Big Problem #2: Commission Split
Next up is the commission split. Your brokerage commission presents an additional layer to plan for in your cash flow throughout the year. Although the rates and amounts paid to the brokerage can vary, the commission split has a large impact on the net commission to the agent per transaction until the hurdle is overcome.
This issue compounds the effect of seasonality by reducing the net income to the agent earlier in the year and allowing for higher payouts later in the year.
Two Logical Solutions That Combat Uneven Income Streams
Logical Solution #1: Emergency Fund
The first tool in the toolbox for combating uneven income streams is the emergency fund.
An emergency fund consists of cash assets and can be accessed on short notice at any time. Although the amount to keep in the emergency fund can vary depending on the risk tolerance of the agent, the rule of thumb is to keep three to six months of cash on the sidelines to help buoy your financial plan through the off-season.
Given the previously mentioned issues surrounding uneven income streams, it makes sense for top producing real estate agents to be on the higher end of this spectrum.
Just because your emergency fund must be held in cash does not mean that it cannot work for you. You will want to keep enough in your checking account to comfortably pay your monthly expenses, but you should hold anything above this amount that is designated for your emergency fund in an FDIC-insured high-yield savings account.
Online banks typically pay a significantly higher interest rate than traditional checking or savings accounts. Although they are not set up to accommodate a high number of monthly transactions, used appropriately, they are a valuable tool in maintaining your emergency fund while making sure your money is working for you.
Logical Solution #2: Brokerage Account
Although a brokerage account certainly does not qualify as an emergency fund, which is generally held in cash, it can serve as a backup to your emergency fund. One mistake we commonly see Top Producers make is keeping too much cash on their net worth statement.
Unlike tax-qualified retirement accounts, which carry a penalty if withdrawn from before age 59 ½, a non-qualified brokerage account is available for withdrawals at any time. Additionally, depending on the investments held in the account, capital gains tax treatment applies in most scenarios, allowing for preferential tax treatment as gains are realized.
The key difference between your cash emergency fund and money held in a brokerage account is the amount of risk you take. Remember, there is no free lunch. The higher the rate of return you can expect from an investment moves in tandem with the amount of risk you take to achieve that return.
Since the emergency fund is earmarked to potentially be used in the short term, it is not the place to take risk with your net worth. In contrast, once the emergency fund is fully funded and your goals are more long-term, you can consider a brokerage account and invest in a diversified portfolio that carries a much higher expected return.

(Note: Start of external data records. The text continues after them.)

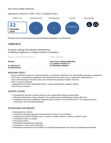 Izba Celna w Białej Podlaskiej Ogłoszenie o naborze nr 5497 z dnia 17 listopada 2016 r. OFERTY DO WYMIAR ETATU STANOWISKA 1 1 22 listopada 2016 STATUS DODATKOWE archiwalny Dyrektor Izby Celnej poszukuje kandydatów\kandydatek na stanowisko: referent do spraw: obsługi kancelaryjno-sekretarskiej w Referacie Ogólnym w Urzędzie Celnym w Zamościu MIEJSCE WYKONYWANIA PRACY: ADRES URZĘDU: Zamość Izba Celna w Białej Podlaskiej ul. Celników Polskich 21 21-500 Biała Podlaska ul. Strefowa 5, 22-400 Zamość WARUNKI PRACY -praca w siedzibie urzędu na I piętrze budynku, w systemie codziennym od poniedziałku do piątku w godzinach 7.30-15.30, z możliwością wystąpienia sporadycznej konieczności pracy w godzinach nadliczbowych, -praca administracyjno-biurowa, praca przy komputerze powyżej 4 godzin dziennie, -praca w pozycji siedzącej, - udogodnienia dla osób niepełnosprawnych: miejsce parkingowe, podjazd, toaleta; - brak windy w budynku. ZAKRES ZADAŃ Prowadzenie kancelari urzędu celnego w celu zapewnienia obiegu dokumentów. Obsługa sekretariatu urzędu celnego w celu zapewnienia prawidłowego obiegu informacji. Przygotowywanie pod względem organizacyjnym spotkań i narad służbowych w celu zapewnienia ich sprawnego i terminowego przebiegu. WYMAGANIA NIEZBĘDNE Wykształcenie: średnie Znajomość obsługi programów komputerowych (Word, Excel, Outlook) Znajomość przepisów Kodeksu pracy, ustawy o Służbie Cywilnej i ustawy o Służbie Celnej Umiejętność pracy w zespole Komunikatywność Posiadanie obywatelstwa polskiego Korzystanie z pełni praw publicznych Nieskazanie prawomocnym wyrokiem za umyślne przestępstwo lub umyślne przestępstwo skarbowe DOKUMENTY I OŚWIADCZENIA NIEZBĘDNE Życiorys/CV i list motywacyjny Kopie dokumentów potwierdzających spełnienie wymagania niezbędnego w zakresie wykształcenia Oświadczenie o posiadanych umiejętnościach w zakresie obsługi komputera Oświadczenie o posiadaniu obywatelstwa polskiego albo kopia dokumentu potwierdzającego posiadanie polskiego obywatelstwa Oświadczenie o wyrażeniu zgody na przetwarzanie danych osobowych do celów naboru Oświadczenie o korzystaniu z pełni praw publicznych Oświadczenie o nieskazaniu prawomocnym wyrokiem za umyślne przestępstwo lub umyślne przestępstwo skarbowe DOKUMENTY I OŚWIADCZENIA DODATKOWE kopia dokumentu potwierdzającego niepełnosprawność - w przypadku kandydatek/kandydatów, zamierzających skorzystać z pierwszeństwa w zatrudnieniu w przypadku, gdy znajdą się w gronie najlepszych kandydatek/kandydatów TERMINY I MIEJSCE SKŁADANIA DOKUMENTÓW Dokumenty należy złożyć do: 22 listopada 2016 r. Decyduje data: stempla pocztowego / osobistego dostarczenia oferty do urzędu Miejsce składania dokumentów: Izba Celna w Białej Podlaskiej ul. Celników Polskich 21 21-500 Biała Podlaska INNE INFORMACJE: W miesiącu poprzedzającym datę upublicznienia ogłoszenia wskaźnik zatrudnienia osób niepełnosprawnych w urzędzie, w rozumieniu przepisów o rehabilitacji zawodowej i społecznej oraz zatrudnianiu osób niepełnosprawnych, nie wynosi co najmniej 6%. 1. Do składania aplikacji zachęcamy osoby niepełnosprawne. 2. Wzór oświadczenia dostępny jest na stronie internetowej www.bialapodlaska.scelna.gov.pl w zakładce ogłoszenia/praca 3. Informacje dotyczące metod i technik naboru umieszczone są na stronie internetowej www.bialapodlaska.scelna.gov.pl w zakładce Ogłoszenia/Praca 4. Kandydaci informowani będą o terminach każdego etapu naboru, a także o wynikach naboru poprzez stronę internetową oraz poprzez umieszczenie informacji na tablicy ogłoszeń w siedzibie Izby Celnej w Białej Podlaskiej. 5. Nie będą rozpatrywane oferty, które: - wpłynęły po terminie (decyduje daty stempla pocztowego); - list motywacyjny nie będzie zawierał numeru ogłoszenia (brak możliwości przypisania oferty do ogłoszenia); - nie będą zawierały własnoręcznie podpisanego oświadczenia, życiorysu (CV), listu motywacyjnego; - wskazują, że kandydat nie spełnia wymagań niezbędnych określonych w ogłoszeniu. 6. Oferty należy składać osobiście w siedzibie Izby Celnej (ul. Celników Polskich 21, 21-500 Biała Podlaska) lub przesłać drogą pocztową (decyduje data stempla nadania). 7. Oferty, które nie spełniają wymogów formalnych zostaną komisyjnie zniszczone. 8. Oferty osób niezatrudnionych zostaną zniszczone po upływie 3 miesięcy od zakończenia naboru. 9. Nadesłanych dokumentów nie odsyłamy. 10. Proponowane wynagrodzenie zasadnicze wg mnożnika kwoty bazowej w wysokości 1,441. 11. Nasz urząd jest pracodawcą równych szans i wszystkie aplikacje są rozważane z równą uwagą bez względu na płeć, wiek, niepełnosprawność, rasę, narodowość, przekonania polityczne, przynależność związkową, pochodzenie etniczne, wyznanie, orientacje seksualną czy też jakąkolwiek inną cechę prawnie chronioną. Legenda Pierwszeństwo dla osób z niepełnosprawnościami Ogłoszenie z tym symbolem oznacza, że pierwszeństwo w zatrudnieniu mają osoby z niepełnosprawnościami, które spełniają wszystkie następujące warunki: • złożyły w terminie ofertę wraz z dokumentem potwierdzającym niepełnosprawność, • spełniają warunki wymienione w ogłoszeniu, • po rekrutacji znalazły się w gronie najlepszych kandydatów. Zastępstwo Ogłoszenie z tym symbolem oznacza, że urząd poszukuje kandydatów do pracy na czas przewidywanej nieobecności swojego pracownika. Jeśli w ogłoszeniu nie wskazano okresu zastępstwa, możesz o to spytać w urzędzie. Osoba zatrudniona na zastępstwo jest członkiem korpusu służby cywilnej. Nabór otwarty dla cudzoziemców Ogłoszenie z tym symbolem oznacza, że o stanowisko mogą starać się, poza polskimi obywatelami, również cudzoziemcy. Kandydaci muszą spełniać następujące warunki: • są obywatelami państwa Unii Europejskiej lub innego państwa, którego obywatelom na podstawie umów
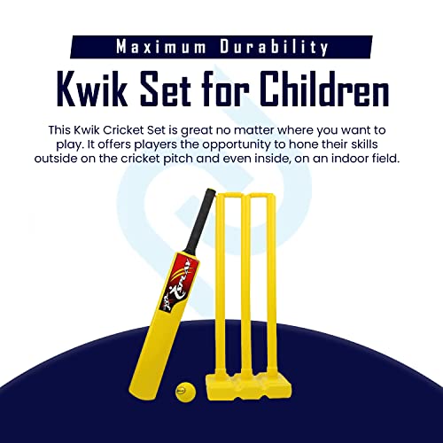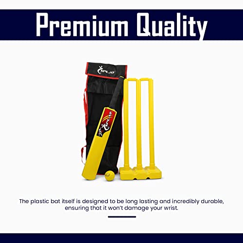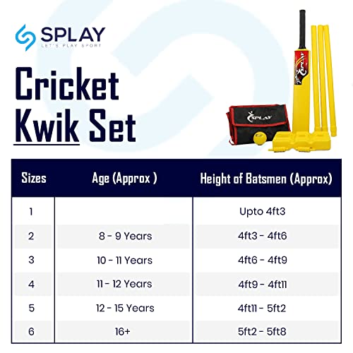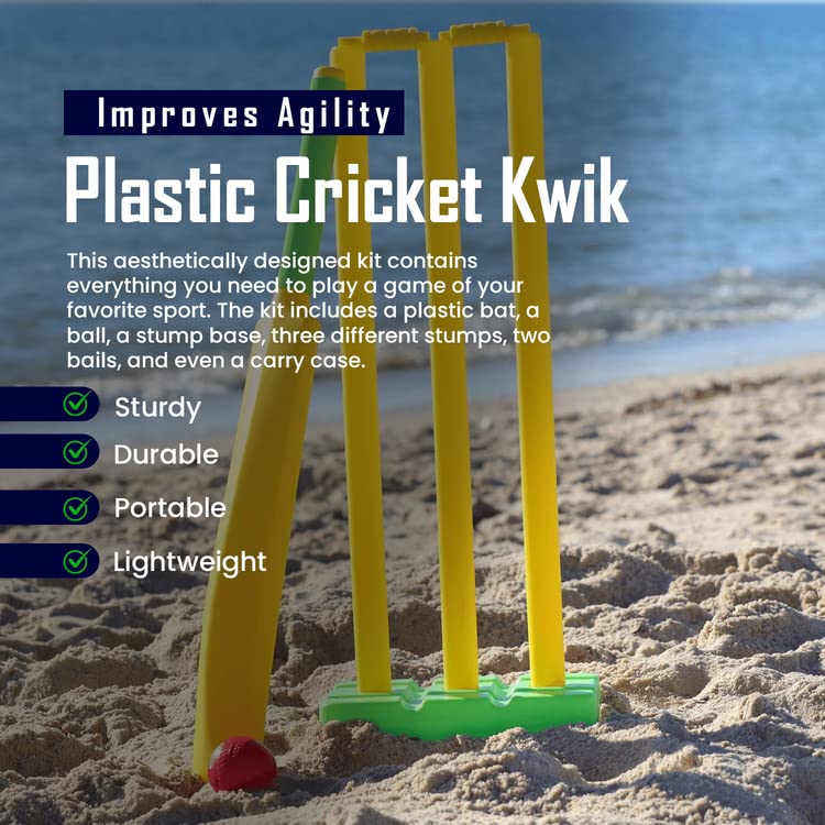 Specification: Splay Plastic Cricket Kwik Set for Children and Adults with Carry Bag – Quick Beach Set Suitable for Indoor Outdoor use Yellow Kit. Set includes Plastic Cricket Bat, Stumps Bails Windball, Stump Base and Carry Bag
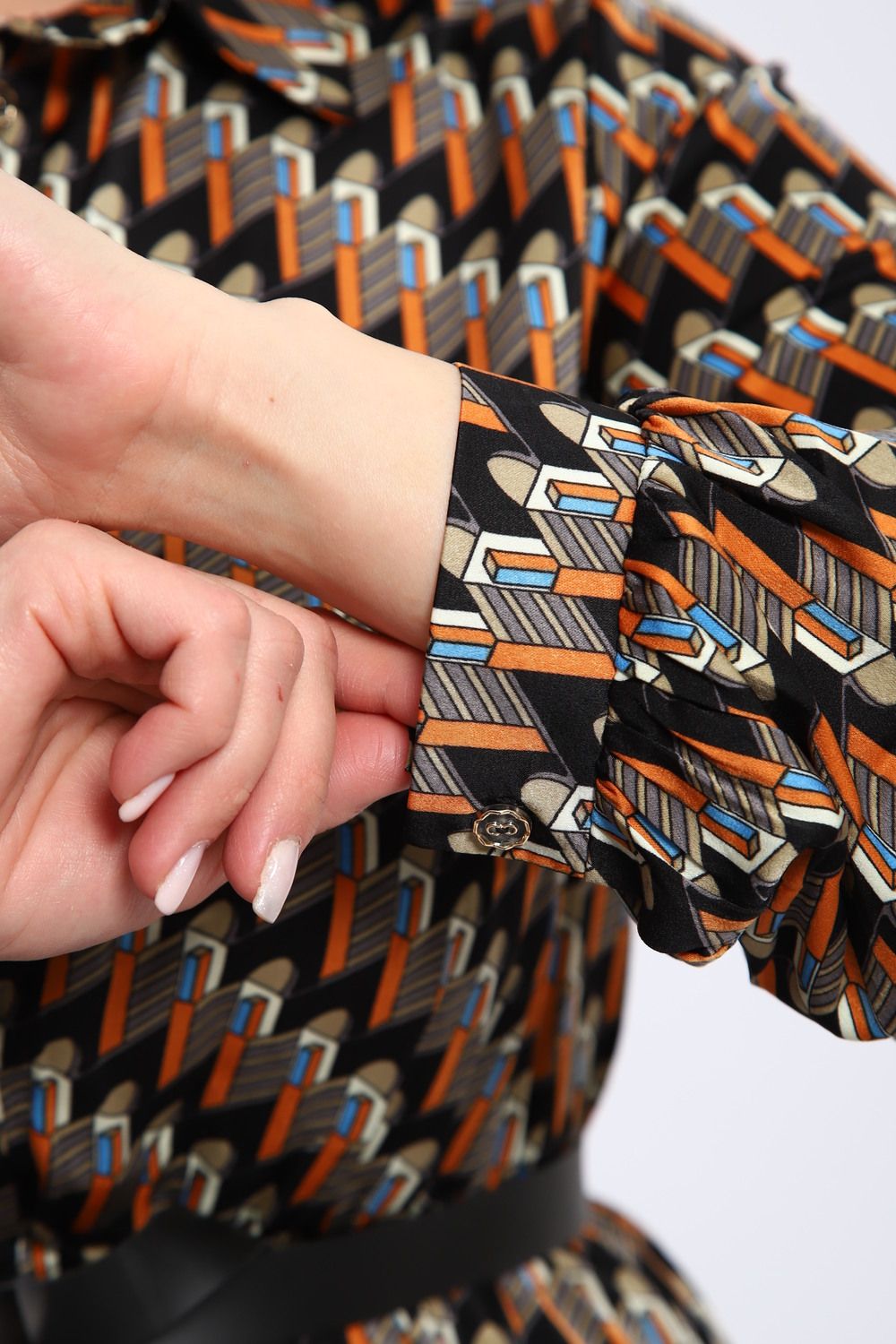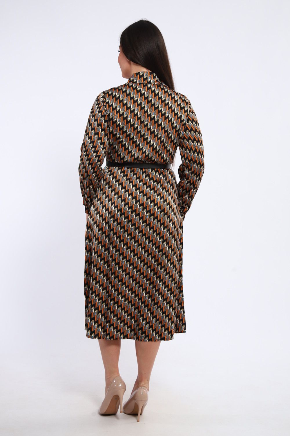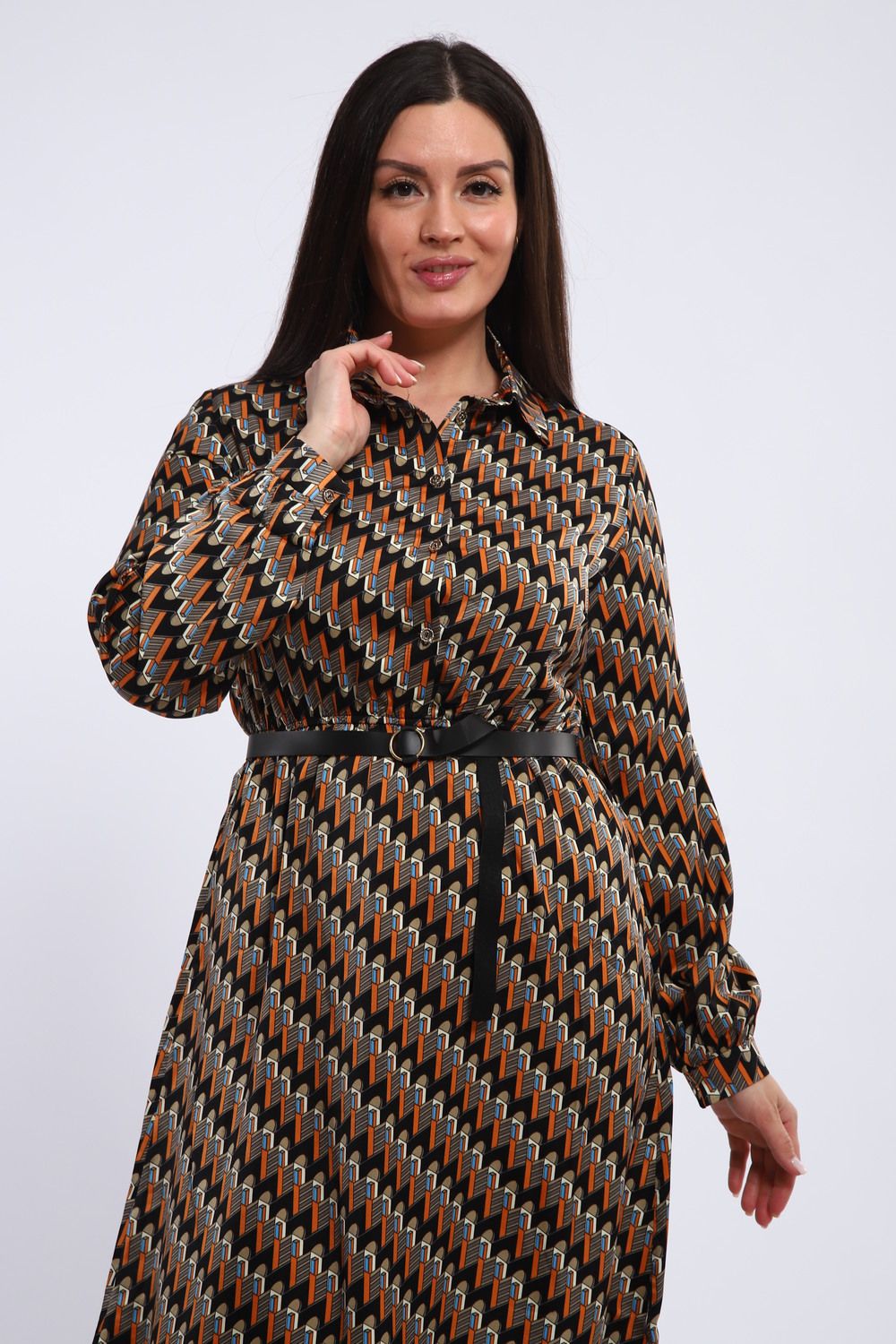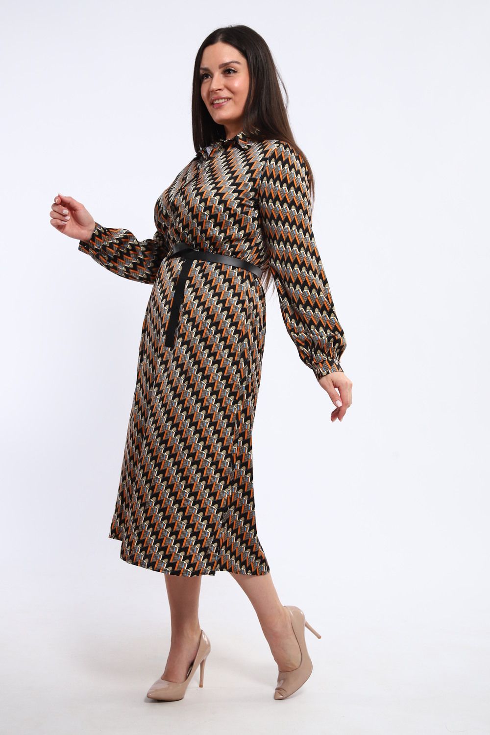 Изящное женское платье, отрезное по талии, сочетает в себе классический силуэт и современные детали. Рубашечный воротник придает образу строгость и элегантность, а длинные рукава, завершающиеся манжетами, подчеркивают изящность запястий. Платье идеально садится по фигуре, акцентируя внимание на талии и создавая женственный силуэт.

Although you must have a long-term view when investing in the stock market, you still can access your brokerage account funds as needed before reaching retirement.
Along with the income potential of being a Top Producing Real Estate Agent comes the challenges of uneven cash flows.
Both seasonality and commission splits play a large role in uneven income streams, but safeguards can help.
The first priority is establishing and maintaining a reasonable emergency fund. Once this crucial step is checked off the list, a non-qualified brokerage account for further savings and diversification can allow for both growth potential and a backup emergency fund if needed before retirement.